O chefe do Conselho de Segurança ucraniano, Oleksandr Lytvynenko, afirmou, por sua vez, que "mais de 30.000 soldados" russos participam da ofensiva de Moscou na região de Kharkiv, cuja capital de mesmo nome e segunda maior cidade do país, "não está ameaçada" neste momento, assegurou.
As forças russas atravessaram a fronteira na sexta-feira, em uma ofensiva na direção de Lipsi e Vovchansk, duas localidades situadas, respectivamente, a 20 e 50 quilômetros ao nordeste de Kharkiv.
"O inimigo está conseguindo sucessos táticos", admitiu nesta segunda-feira o Estado-Maior ucraniano em um comunicado publicado no Facebook.
- "Horrível" -
Segundo o canal 'DeepState' do Telegram, próximo do Exército ucraniano, os russos conseguiram ocupar cerca de 70 km² em Lipsi, e 34 km² em Vovchansk.
As autoridades regionais relataram um morto e três feridos em um bombardeio em uma localidade no oeste de Kharkiv, a cerca de 30 km da área dos combates.
Na vila de Ruski Tyshky, a sete quilômetros de Lipsi, foi possível ouvir uma sequência de explosões de longe, constatou a AFP.
Katerina Stepanova, de 74 anos, foi retirada desta vila com o filho. Diversas bombas explodiram em sua rua.
"Fugi com o que estava vestindo, roupa suja [...] Felizmente, pelo menos estamos vivos. É tão horrível o que está acontecendo ali. O que estes idiotas estão fazendo? As casas estão em chamas", declarou ela à AFP em um primeiro ponto de encontro para pessoas que deixaram suas residências.
Após quatro dias de ofensiva, "não foram registrados avanços de grande escala das defesas inimigas", segundo o canal no Telegram Rybar, próximo ao Exército russo.
"Depois de limpar a zona fronteiriça 'cinzenta', as unidades de assalto russas se concentraram em penetrar os redutos e as linhas defensivas das forças armadas ucranianas", informou o canal na segunda-feira.
- Intensificação dos bombardeios -
Este avanço russo ocorre em um momento no qual o presidente Vladimir Putin destituiu seu ministro da Defesa, Sergei Shoigu, no domingo (12), após dois anos de conflito na Ucrânia.

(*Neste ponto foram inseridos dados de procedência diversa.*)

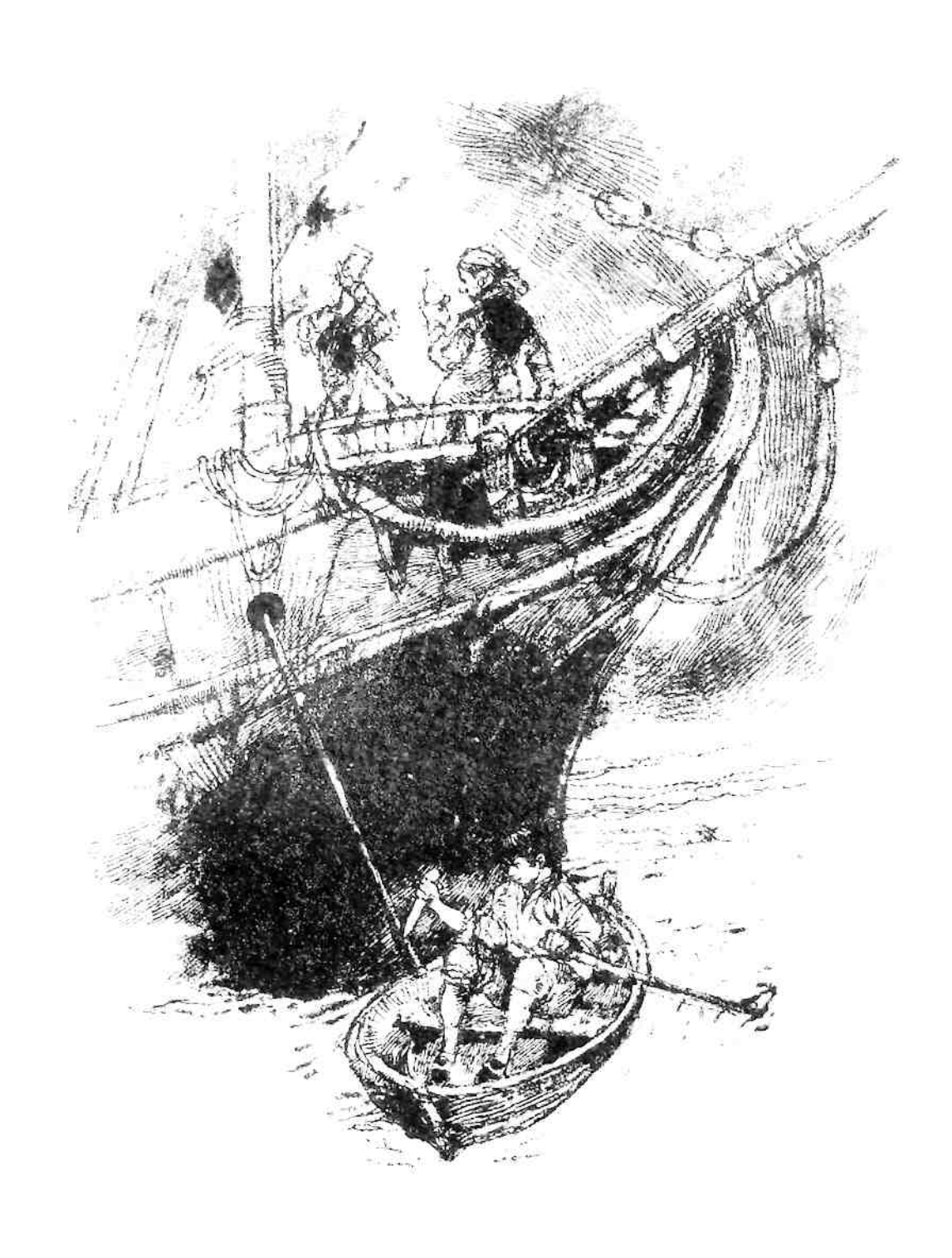
'I can cut the ship's rope with my knife,' I thought.

O novo titular, o economista Andrei Belousov, não possui experiência militar, assim como Shoigu quando foi nomeado em 2012.
Com esta decisão, o presidente da Rússia se prepara para uma "guerra de longa duração [...] também contra todo o Ocidente, uma guerra contra a Otan", disse Lytvynenko nesta segunda-feira.

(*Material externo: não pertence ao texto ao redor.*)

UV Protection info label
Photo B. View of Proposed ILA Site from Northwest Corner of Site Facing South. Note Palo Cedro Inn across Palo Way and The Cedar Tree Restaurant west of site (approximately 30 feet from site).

Já as forças ucranianas estão intensificando seus ataques na Rússia e nas áreas da Ucrânia ocupadas por Moscou, sobretudo contra infraestruturas energéticas.
Os ataques atribuídos a Kiev na zona ocupada de Luhansk (leste) e na região russa de Kursk deixaram pelo menos quatro mortos e sete feridos, segundo as autoridades russas.

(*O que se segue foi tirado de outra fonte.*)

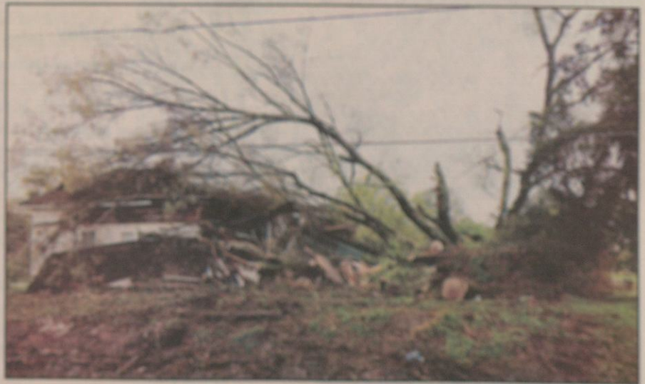
House in Tishomingo

A defesa ucraniana reivindicou um bombardeio contra um terminal de petróleo na região russa de Belgorod e uma subestação de energia elétrica em Lipetsk.
As autoridades russas não confirmaram o ataque a Belgorod, mas o governador de Lipetsk afirmou que uma subestação sofreu um incêndio, sem revelar detalhes ou culpar diretamente a Ucrânia.
A cidade de Krasnodon, que fica perto da fronteira com a Rússia, 45 quilômetros ao sudeste de Luhansk, a capital regional, está sob controle russo desde 2014.